By no means do all of Flanagan and Fong’s additions work to the show’s detriment. As with Flanagan’s previous Netflix projects, each member of the ensemble is granted ample shading of character, which comes to most powerful effect in the stories of the two gay characters (double the number featured in Pike’s novel), whose lifestyles are far richer and more nuanced than their equivalents were afforded in the story’s original iteration. The invented characters are drawn with appealing wit and personality, each of them fitting comfortably into the margins of Ilonka and Kevin’s doomed love story. Flanagan is an unquestionably gifted craftsman who seems so far incapable of making anything outright bad (though some viewers of the 2019 Shining sequel Doctor Sleep might quibble with that assessment).

This time last year, Midnight Mass proved something of a word-of-mouth sensation for Netflix, and though there was a tendency to gripe over the show’s density of stagey monologue — the absence of which in The Midnight Club proved headline-worthy — it’s a remarkably self-assured and tonally consistent work, telling a taut story with attention evenly spread across a sprawling ensemble, all of it culminating in a shocking yet retrospectively inevitable denouement. It’s perhaps unfair to judge Flanagan’s newest series against the standard of such a wildly different story, one spun for audiences a decade or two older than the ideal Midnight Club viewer. But given how snugly this new project sits, at least on a visual and tonal level, alongside the various hauntings Flanagan has previously conjured for Netflix, The Midnight Club’s fumbled attempts at world-building stick out like the unsuccessful tracks on a familiar band’s new album.

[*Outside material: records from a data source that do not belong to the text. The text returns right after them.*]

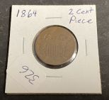 1864 2 Cent Piece, good condition, in paper case. 1864 2 Cent Piece, good condition, in paper case.
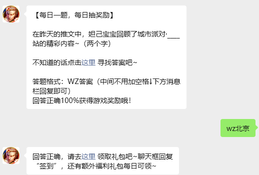今日问题:在昨天的推文中,妲己宝宝回顾了城市派对·____站的精彩内容~(两个字)
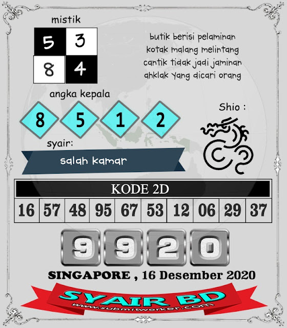 Pada dasarnya dalam semua permainan togel online ini sangatlah membutuhkan kepekaan atau kesadaran anda dalam membaca serta memprediksi nomor togel singapore. Oleh karena itu syair Togel Singapore yang kami terbitkan ini akan sangat memudahkan para pejudi online saat memprediksi angka keluaran di periode selanjutnya. kami sudah mempersiapkan dengan jelas tentang Prediksi Togel Sgp 16 Desember 2020 untuk anda para pencinta judi online.
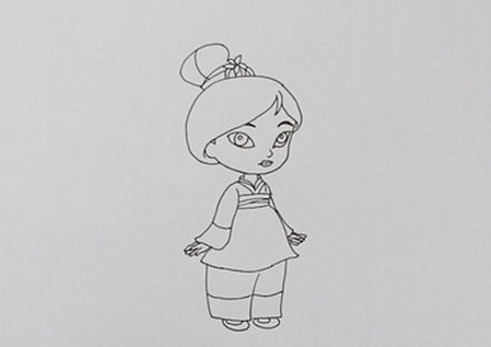 最后,木兰的衣服被涂成蓝色和红色,鞋子被涂成黑色,这样木兰的简笔画就完成了。
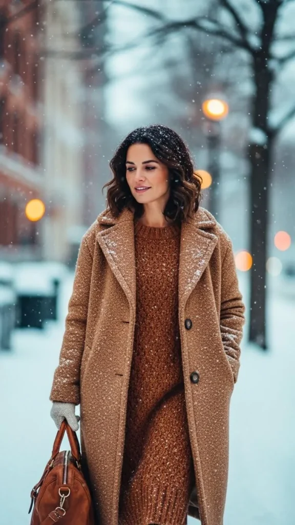 A knit dress offers warmth without bulk, which makes it perfect for winter travel days when you want to look stylish with minimal effort. Pair it with a long wool coat to keep out the cold. Add tights if temperatures drop lower. Knee-high boots protect your legs and give the outfit a clean shape. If you’re saving money, wear any sweater dress you already have and pair it with a thrifted belt to give it more shape. A simple crossbody bag works well since it keeps your hands free while walking through cold streets. This outfit suits city trips, holiday markets, and evenings out, giving you warmth from head to toe without complicated layering.
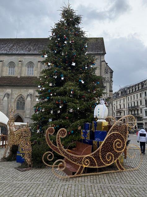 I have been (rightfully) accused of not properly leaning into the Christmas season for a long time. I was “that guy” who spat on the idea of decorations or a tree before December. I was resistant to extra fun and events because they felt like a bit of a chore and were very commercialized. Something has flipped inside me, though, and I have been properly savoring Christmas since early November. First was the purchase of this badass “tree” that feels so “Zürich” to us.
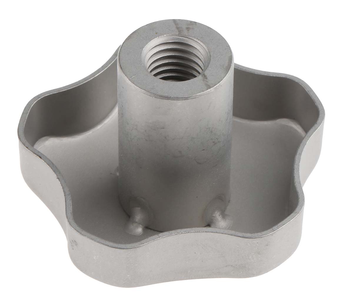 This is Silver Stainless Steel Knob M10 x 17.5 manufactured by RS Pro. The manufacturer part number is 478-624. Its overall knob diameter is about 50mm . It has a standard m10 thread . The product is available in threaded hole configuration. The product has an attractive multiple lobes shape knob . It has a decent silver colour. Features a thread length of 17.5mm. It has a standard 10mm thread diameter .
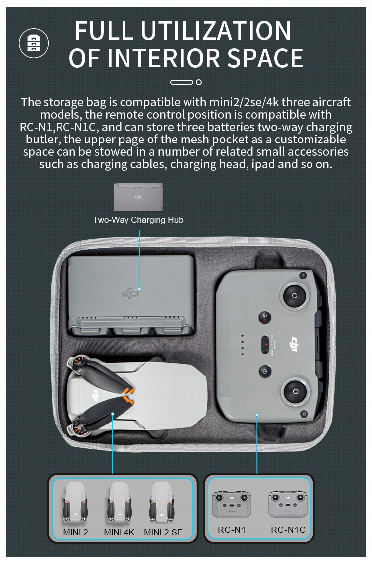 Велика місткість: наша сумка може вмістити: 1x Mini 4K Drone/Mini 2 SE Drone, 1x RC-N1 Remote Controller, 1x Charging Hub і 3x батареї, кабелі, пропелери, SD-карти та багато інших аксесуарів для дронів.
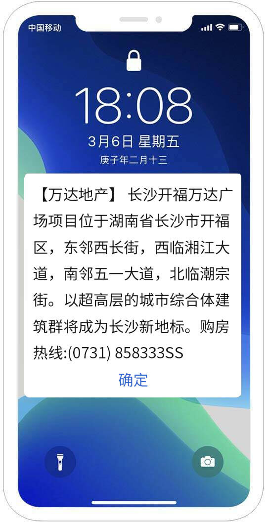 是指用戶在收到閃信群發內容后,無需打開,短信內容直接顯示在用戶手機屏幕上,用戶如果沒有點擊閱讀,則閃信內容一直有顯示,用戶必須點擊才能關閉,真正實現了高閱讀率、高到達率!提升了用戶對產品的轉化率!
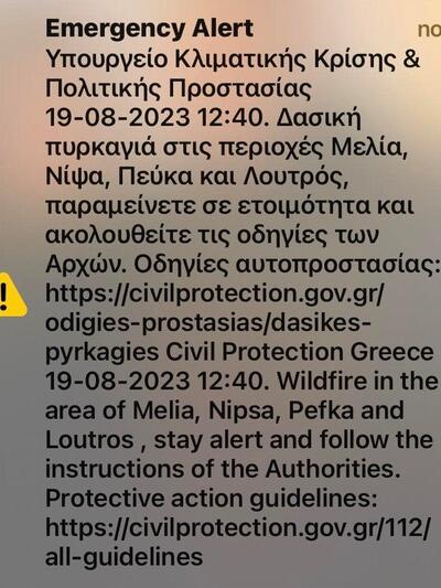 Λίγο μετά τις 3, εστάλη νέο μήνυμα 112 στυος κατοικους των οικισμών Νίψα, Αετοχώρι και Πεύκα για γην εκκένωσή τους.
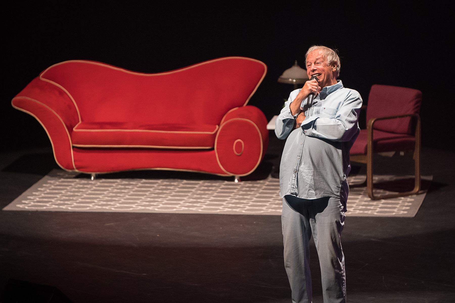 Bien servi par sa longue expérience d’animateur, l’humoriste d’un soir semblait tout à fait à son aise sur la grande scène du Théâtre Jean-Duceppe.
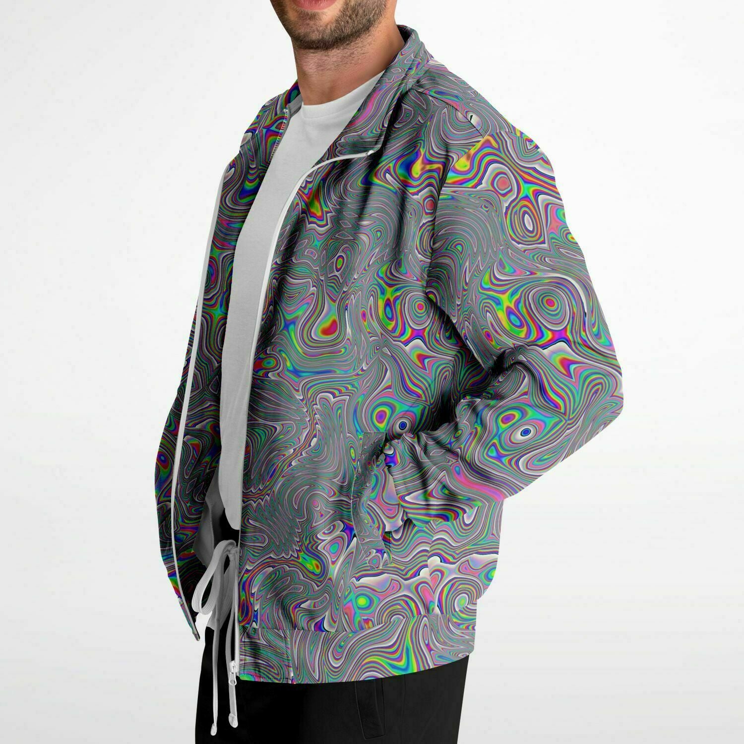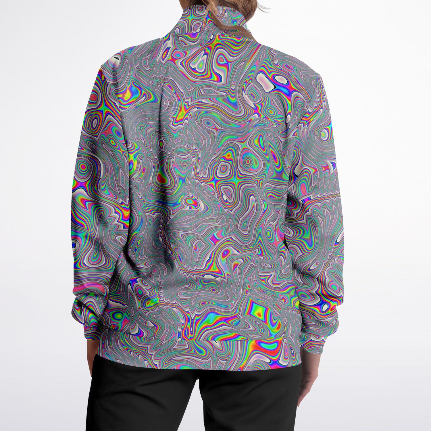 Presenting our sustainable track jacket, crafted from 95% recycled polyester and 5% spandex. With its smooth, tight-knit surface, it perfectly showcases vibrant prints and colors, while the inner surface ensures comfort for the wearer.

Considering the series may have been designed for an entirely different demographic, a mashup of The Fault in Our Stars and the Nickelodeon mainstay Are You Afraid of the Dark? could prove a winning formula for the target audience of teens (if not preteens), who will be well served by the thoroughly greased aesthetic gears of the Flanagan/Netflix partnership, not to mention the sort of familiar jump scares guaranteed to happily pass an October Friday night. In the best-case scenario, this curious study in literary adaptation could well provide analytical material for a budding media analyst. It doesn’t take much conscious thought to detect that The Midnight Club is a strange object. Investigating how and why Pike’s novel could end up looking like Flanagan and Fong’s series might prove even more enlightening than Ilonka’s plunge into the depths of Brightcliffe’s shadowy past.

The Midnight Club is now streaming on Netflix.